E.g. They were doing a good job under Clinton (bi-partisan work), they knew something BIG was coming and there were structural problems with the FBI. Condi whines that they were "only there" 233 days! Naturally they didn't even begin change because there would be resistance to change...of course that's the concern when a big attack is on the way. :rolleyes:

There are a bunch of other major problems she presents with how the Bush administration handled things (including how she constantly passes the buck to other people; "it's not her fault" even though it is her job, and how she wasn't presented with plans but with "series of actionable items", and how 233 days wasn't enough time to even begin to do anything, etc, etc).

Her testimony is damning both of her performance in particular and of the Bush administration's performance in general.
 
Nobody really commented on the polls that are out there about what people believe about 9/11. Do any of you think that this is going to rank up there with the JFK assassination and forever be in doubt by a significant portion of the population?
 
The attacks were carried out by Bin Laden and Al Queda. Through governmental ineptness and inefficiency the warnings we got were not attended to in the manner they should of and therefore were not prevented.
 
Option #2 makes the most sense, that aQ was behind it and carried it out, but we'll never really know as much as the government about the situation.
 
Opinion 2, the government tried to hide its incompetency after this incident but failed. The government is not involved in it, neither did Israeli attack (however, Israeli Mossad might find some traces of attack plan and kept it from CIA).
And, trying to manipulate the event afterwards for two invasions, which are not going on well, but not complete failure either.
 
The plane would be moving so fast it could easily cover 1000 feet (give or take a factor of 2) between two frames on the television. Something that is only there for a frame or two is easy to miss, because that's just a fraction of a second.

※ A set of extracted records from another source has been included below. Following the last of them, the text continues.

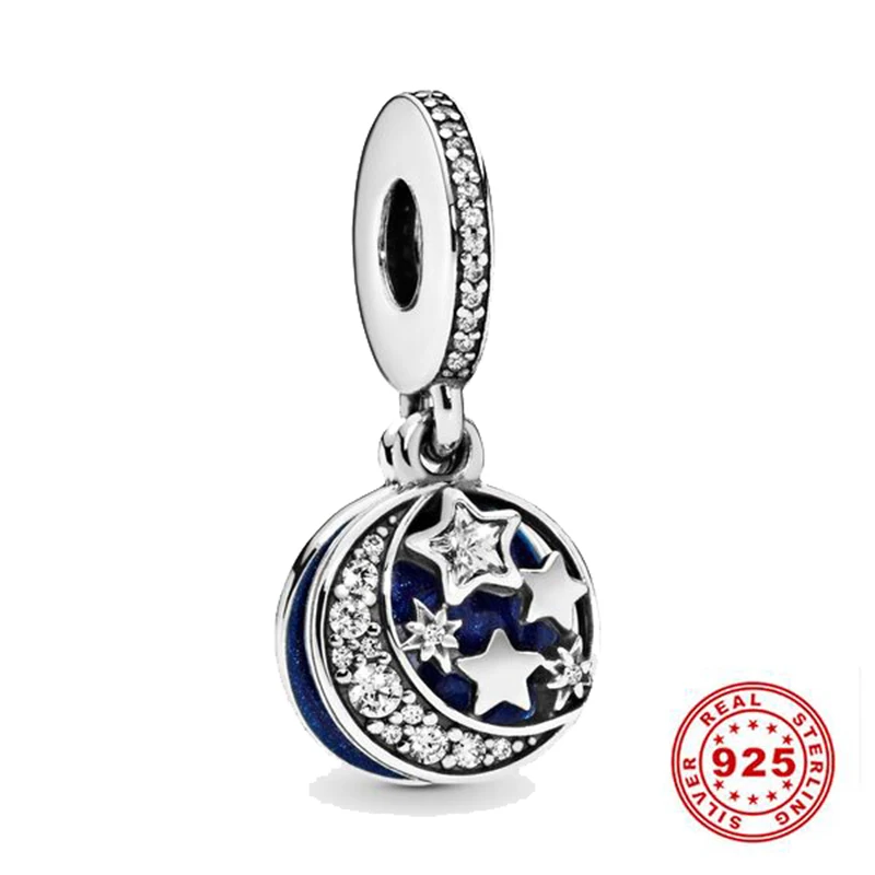 Новые искусственные синие Сверкающие Звезды Луна Сова циркониевые шармы подходят для оригинального браслета Pandora Diy Изготовление ювелирных изделий
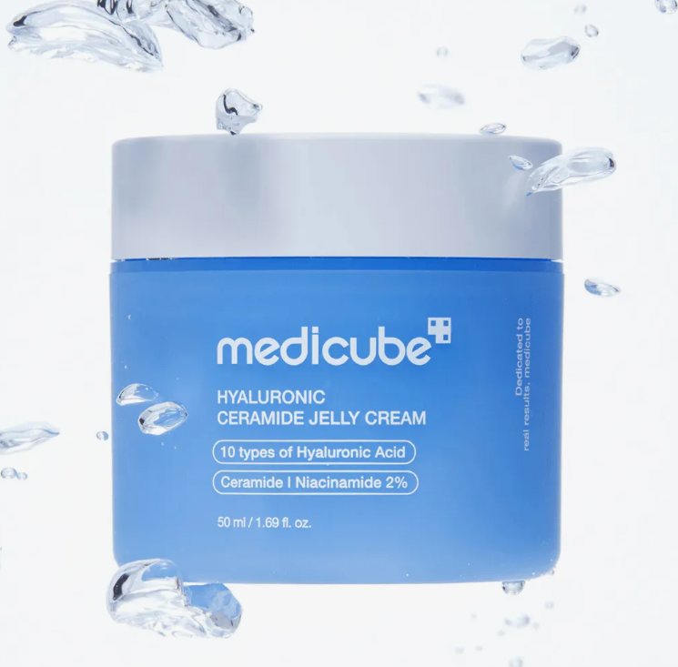 Крем-гель medicube Hyaluronic Ceramide Jelly Cream избавляет от сухости и чувства стянутости, препятствует шелушению, укрепляет защитный гидролипидный барьер.
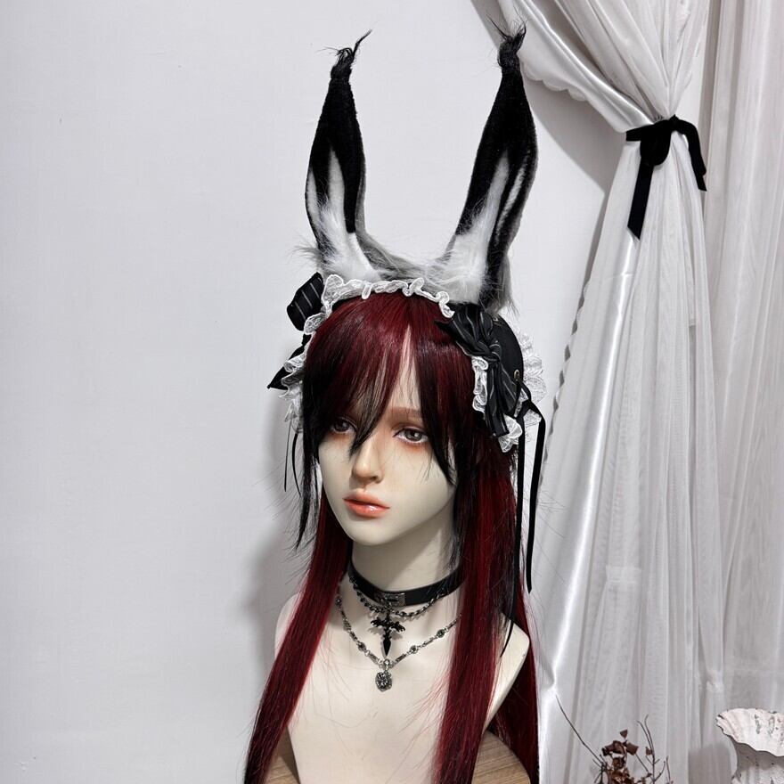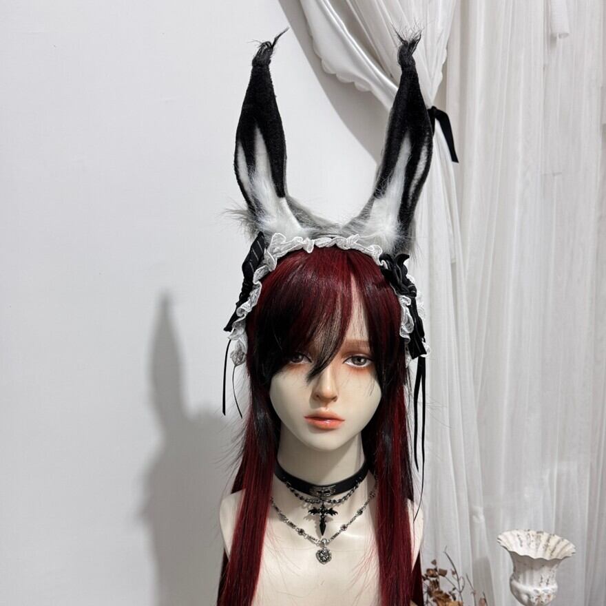 ブラックとオフホワイトのツートンカラーが目を引く、うさぎ耳のカチューシャです。

Anyhoo, never attribute to malice what can be explained by stupidity (as others have noted). The Bush administration is amazingly incompetent (Iraq, handling the economy, and many other examples besides 9/11 exist). They can look good and handle the media fairly well, but that's just form over substance. Conspiracies don't make sense given their supreme level of arrogance and lack of ability to ascertain the reality of the situations they find themselves in.

-Drachasor

Not only that, you're not going to find a lot of debris outside the Pentagon. The flying surfaces, for instance, completely disintigrated upon flying into a reinforced concrete structure at over 500 mph. It's not like a cartoon where you're going to have a perfect outline of the plane punched into the wall.
 
Not only that, you're not going to find a lot of debris outside the Pentagon. The flying surfaces, for instance, completely disintigrated upon flying into a reinforced concrete structure at over 500 mph. It's not like a cartoon where you're going to have a perfect outline of the plane punched into the wall.

Were you watching the history channel earlier?
 
Zionazis manipulated the government into launching an attack on it's own people in order to help justify and attack on Iran, but Bush accidentally attacked Iraq. The Zionist owned media, government, universities, and fast food chains in turn covered up the conspiracy so that only a small, select group of young, rich, unpopular teens could crack the conspiracy from their parents basement, without incurring the wrath of the Zionists, who were too busy trying to take over whoever they haven't already.
 
Were you watching the history channel earlier?

No, I've never seen that program. I don't get the history channel. I do know what program you're alluding to, though.
 
2. Once the attacks took place however, someone suggested they use them to further their aggressive foreign policy.

futher it? the bush administration was quite isolationist before the attacks...

oh, and of course option 2 is the only sane option not number one... does anyone really think every little detail was made public?